- Qamar Muneer Akbar
- Born: October 22, 2009 (age 16) Rabwah, Punjab, Pakistan
- Citizenship: Pakistan
- Education: Completed IGCSEs (age 12) Completed A-Levels (age 15)
- Occupations: Student, AI Researcher
- Years active: 2018–present
- Known for: Educational World Records
- Awards: Youngest person to pass O-Level Chemistry (age 8) Youngest high scorers in IELTS (age 11)

= Qamar Muneer Akbar =

Pakistani child prodigy

Qamar Muneer Akbar (born 22 October 2009) is a Pakistani child prodigy and computer science researcher who holds multiple world records in academic examinations. He achieved international recognition in 2018 after becoming the youngest person to pass an O-Level (IGCSE) Chemistry examination at the age of eight, breaking a record previously set by his sister, Sitara Brooj Akbar.
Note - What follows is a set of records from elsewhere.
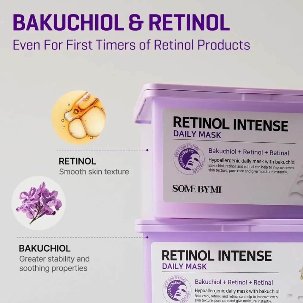 De SOME BY MI Retinol Intense Daily Mask is een set van 30 veganistische sheetmaskers voor dagelijks gebruik, verrijkt met retinol, retinal en bakuchiol om de huidelasticiteit te verbeteren, fijne lijntjes te verzachten en de huidtextuur te verfijnen. Dankzij acht soorten hyaluronzuur, niacinamide en ananasextract biedt het masker diepe hydratatie en een milde exfoliatie voor een stralende teint. De hypoallergene, biologisch afbreekbare maskers sluiten goed aan op de huid en zorgen voor optimale opname zonder irritatie. Geschikt voor alle huidtypes, inclusief de gevoelige huid, heeft het masker een niet-plakkerige, snel absorberende formule die de huid zichtbaar revitaliseert en voller doet aanvoelen. Voor het beste resultaat aanbrengen op gereinigde, getonifieerde huid, 10–20 minuten laten inwerken en de resterende essence zachtjes inmasseren.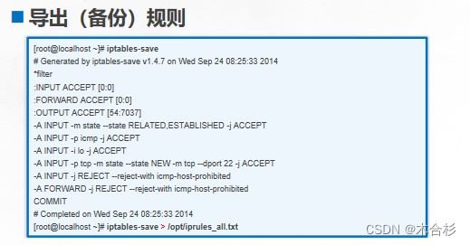 [root@localhost ~]# iptables-save >/opt/iptables.bak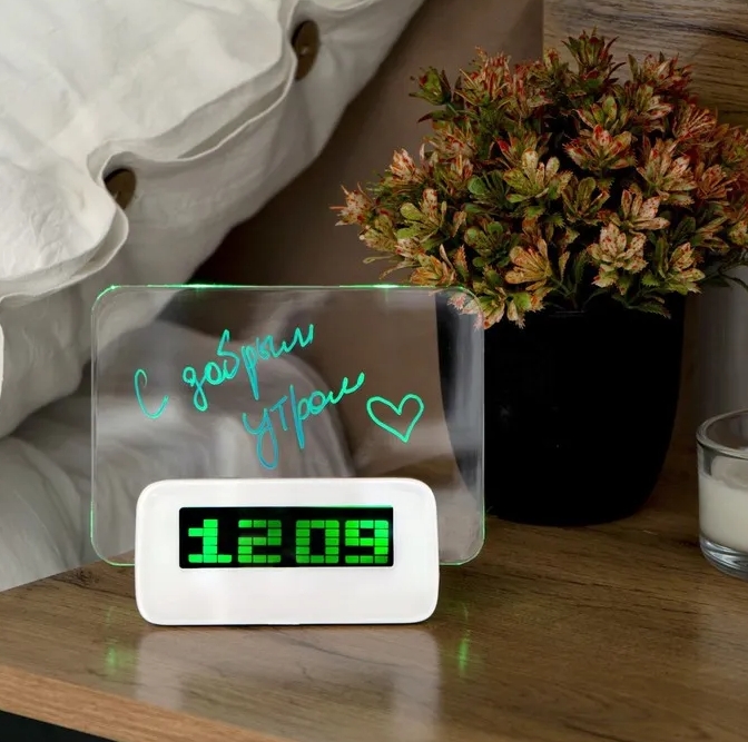 Стильные многофункциональные часы с прозрачной доской для записей. Для романтиков – отличная возможность всегда написать новое пожелание для любимого человека, для практиков – удачно место для напоминаний о важных событиях, встречах и рабочих дедлайнах.

He set a second major world record in 2020 at age 11 alongside his twin sister by becoming the youngest candidate to achieve top bands in the IELTS examination.

== Early life ==
Qamar Muneer Akbar was born in Rabwah, Punjab and belongs to the Ahmadiyya Muslim community. He is the youngest of five siblings; his eldest sister is Sitara Brooj Akbar, followed by MahPara Akbar, Kirn Akbar, and his twin sister Qamar un Nisa. Demonstrating accelerated early childhood development, he began reading at age two and self-taught English, Arabic, Urdu, and Punjabi.
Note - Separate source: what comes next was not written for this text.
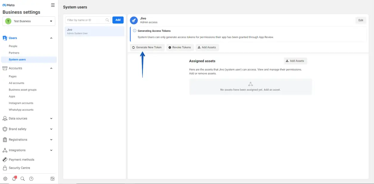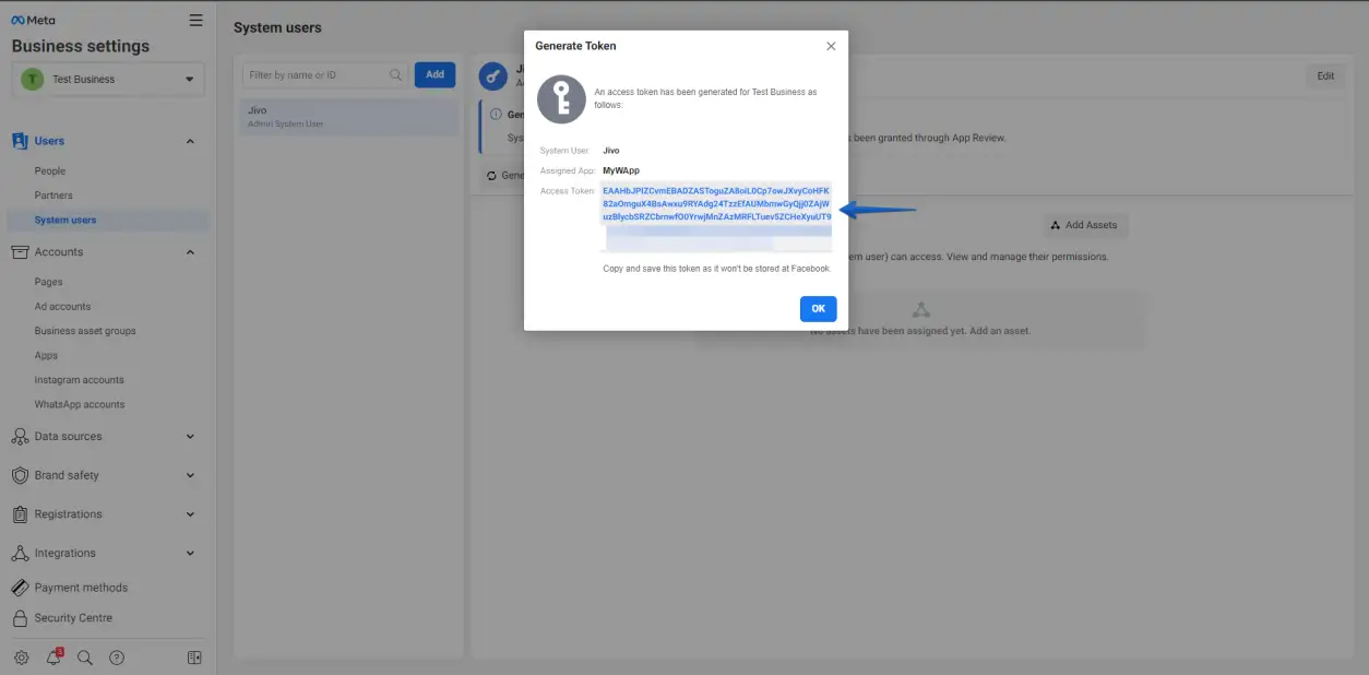 Aviso: si la cuenta de FB es nueva, simplemente no se emitirá el token de Meta automáticamente. Tendrá que esperar ~60 minutos

He later moved to Dubai, United Arab Emirates, with his family.

== World records and achievements ==

=== Early O-Levels / IGCSE (2018, Age 8) ===
In August 2018, at eight years old, Akbar registered his first world record by passing the British Cambridge O-Level (IGCSE) Chemistry examination with an A grade. He surpassed the previous record-holder, his sister Sitara Brooj Akbar,by three years. Akbar went on to complete all of his full IGCSE qualifications by age 12 and completed his A-Levels by age 15.

=== IELTS (2020, Age 11) ===
In September 2020, at age 11, Akbar and his twin sister, Qamar Un Nisa Akbar, set a world record as the youngest examinees to attain top scores on the International English Language Testing System (IELTS) exam. Administered by the British Council in the UAE, both twins achieved a Band 9 in Speaking, a Band 8 in Listening, and an overall band score of 7.5.
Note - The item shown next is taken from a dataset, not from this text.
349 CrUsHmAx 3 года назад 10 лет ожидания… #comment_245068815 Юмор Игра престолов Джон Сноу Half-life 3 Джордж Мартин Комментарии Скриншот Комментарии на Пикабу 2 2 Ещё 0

=== Computer Science & Research ===
Following his early academic completions, Akbar pursued computer science education. At age 12, he completed Harvard University's CS50W course with a 100% score, along with other programming courses across six languages. He has since transitioned into artificial intelligence and deep learning research, working on topics such as Convolutional Neural Network (CNN) dynamic adversarial defenses, image classification, and retrieval-augmented computer vision models.

== Media recognition ==
Akbar's achievements have been covered across national and international media outlets, including ARY News, BBC Urdu, Geo News, Khaleej Times, The National, PTV News, Tribune Pakistan, and The Times of India. He has also engaged in community radio initiatives such as Pearl 102 in the UAE.